↓↓↓

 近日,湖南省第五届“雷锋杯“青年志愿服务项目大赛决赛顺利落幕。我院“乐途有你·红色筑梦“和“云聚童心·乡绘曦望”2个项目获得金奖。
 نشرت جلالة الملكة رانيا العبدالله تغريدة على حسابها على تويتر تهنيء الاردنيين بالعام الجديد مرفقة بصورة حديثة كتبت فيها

↑↑↑
↓↓↓

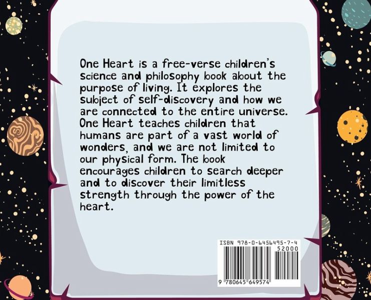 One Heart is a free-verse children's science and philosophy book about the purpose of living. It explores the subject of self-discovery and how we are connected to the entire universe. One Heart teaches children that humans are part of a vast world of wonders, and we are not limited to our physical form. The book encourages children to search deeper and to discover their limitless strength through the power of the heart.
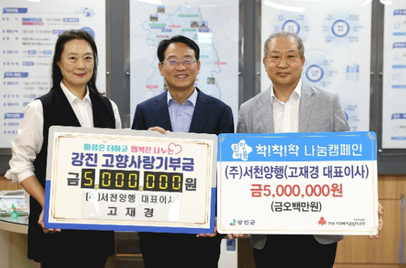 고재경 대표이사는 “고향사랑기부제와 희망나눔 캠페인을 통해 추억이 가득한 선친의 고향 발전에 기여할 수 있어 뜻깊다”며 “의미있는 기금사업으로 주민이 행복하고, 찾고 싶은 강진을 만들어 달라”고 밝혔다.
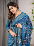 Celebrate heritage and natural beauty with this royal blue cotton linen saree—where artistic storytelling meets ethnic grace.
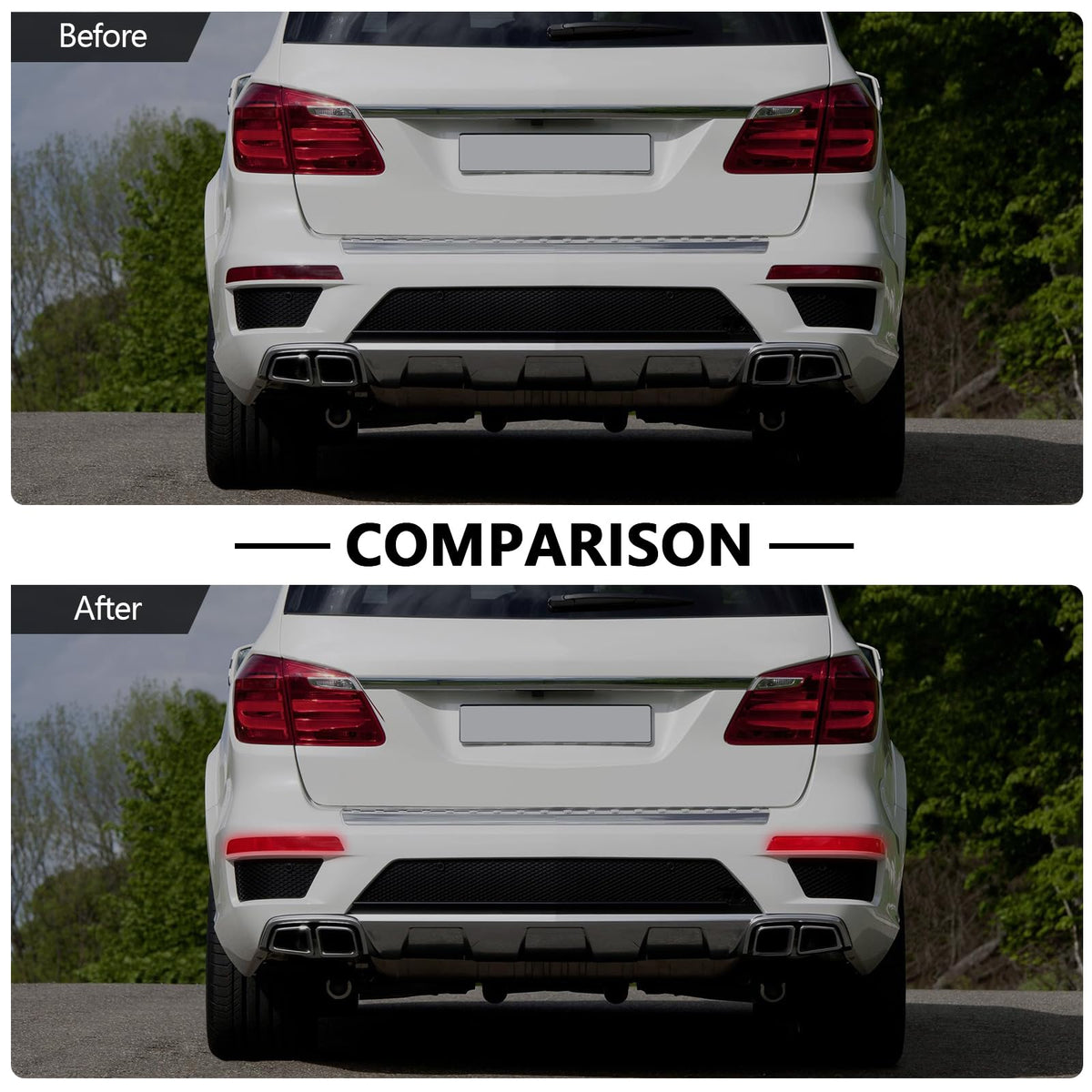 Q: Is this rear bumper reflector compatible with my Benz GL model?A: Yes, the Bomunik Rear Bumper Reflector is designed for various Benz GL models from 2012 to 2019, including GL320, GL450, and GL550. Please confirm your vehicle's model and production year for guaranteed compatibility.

↑↑↑
↓↓↓

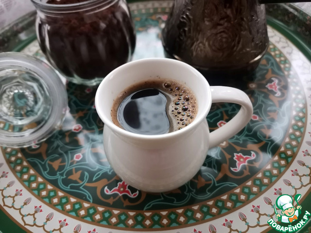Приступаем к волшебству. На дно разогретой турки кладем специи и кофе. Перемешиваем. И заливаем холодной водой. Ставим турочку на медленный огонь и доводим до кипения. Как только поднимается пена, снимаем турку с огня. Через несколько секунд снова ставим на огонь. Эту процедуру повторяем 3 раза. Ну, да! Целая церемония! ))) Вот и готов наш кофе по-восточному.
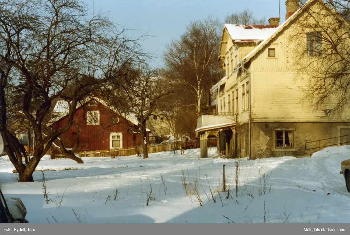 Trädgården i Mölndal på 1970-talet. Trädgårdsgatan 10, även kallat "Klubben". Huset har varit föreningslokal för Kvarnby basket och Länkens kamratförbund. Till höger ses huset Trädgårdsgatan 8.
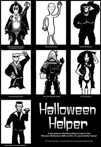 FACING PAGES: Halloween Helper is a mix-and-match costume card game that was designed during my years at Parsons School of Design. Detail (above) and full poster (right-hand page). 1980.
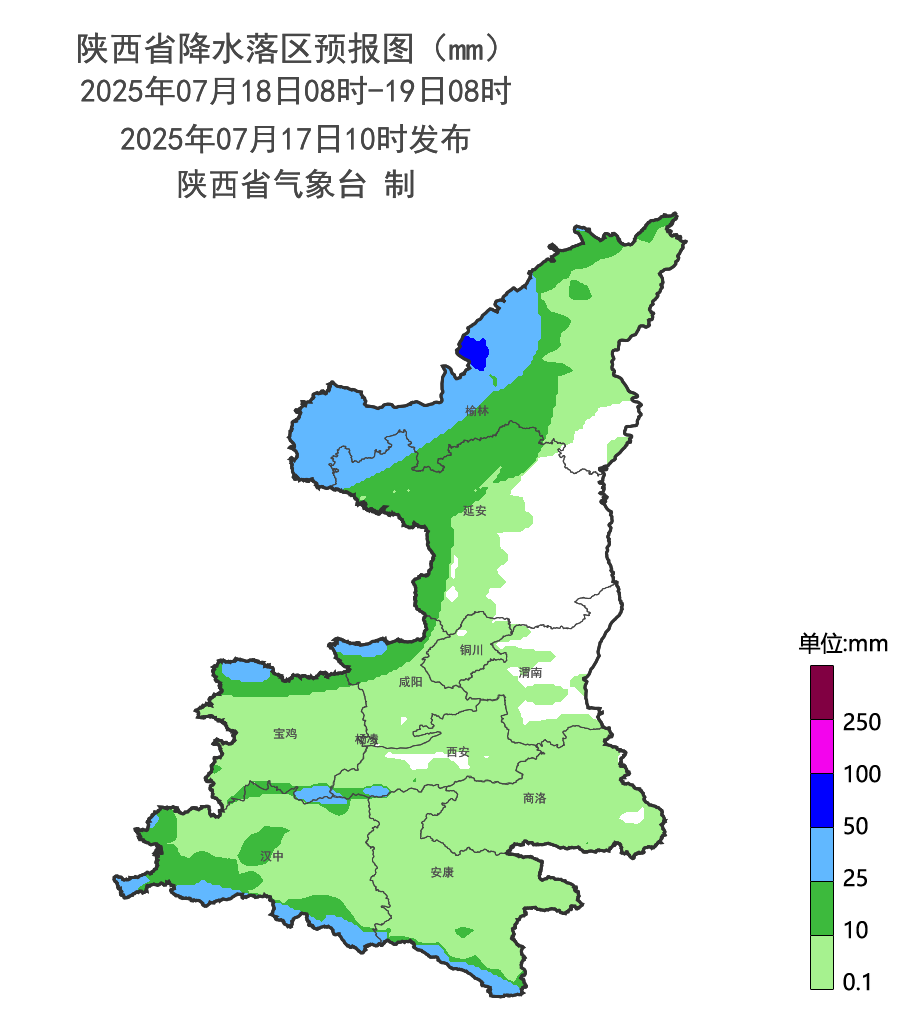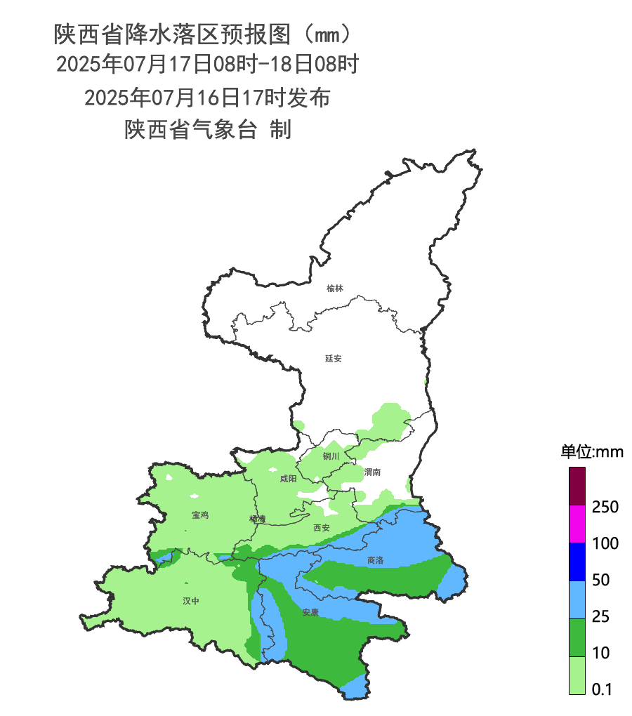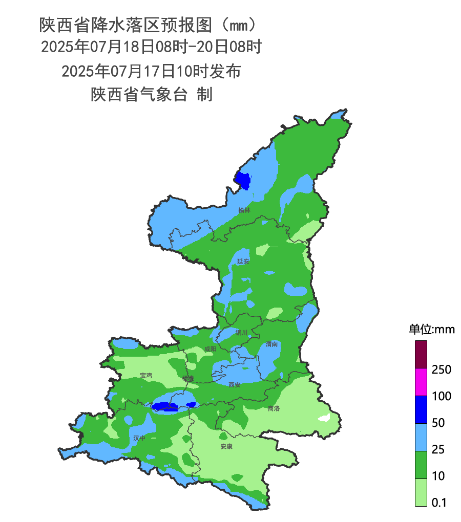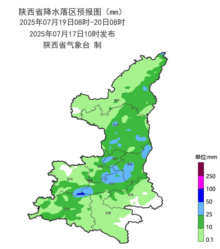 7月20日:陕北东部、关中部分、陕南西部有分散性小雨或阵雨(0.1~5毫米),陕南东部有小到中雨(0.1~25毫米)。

↑↑↑

Work instruction: Retype the lines above exactly as they appear, from the line containing "FACING PAGES: Halloween" through the line containing "7月20日:陕北东部、关中部", and leave out any pictures.

Response to the exercise:
 FACING PAGES: Halloween Helper is a mix-and-match costume card game that was designed during my years at Parsons School of Design. Detail (above) and full poster (right-hand page). 1980.
 7月20日:陕北东部、关中部分、陕南西部有分散性小雨或阵雨(0.1~5毫米),陕南东部有小到中雨(0.1~25毫米)。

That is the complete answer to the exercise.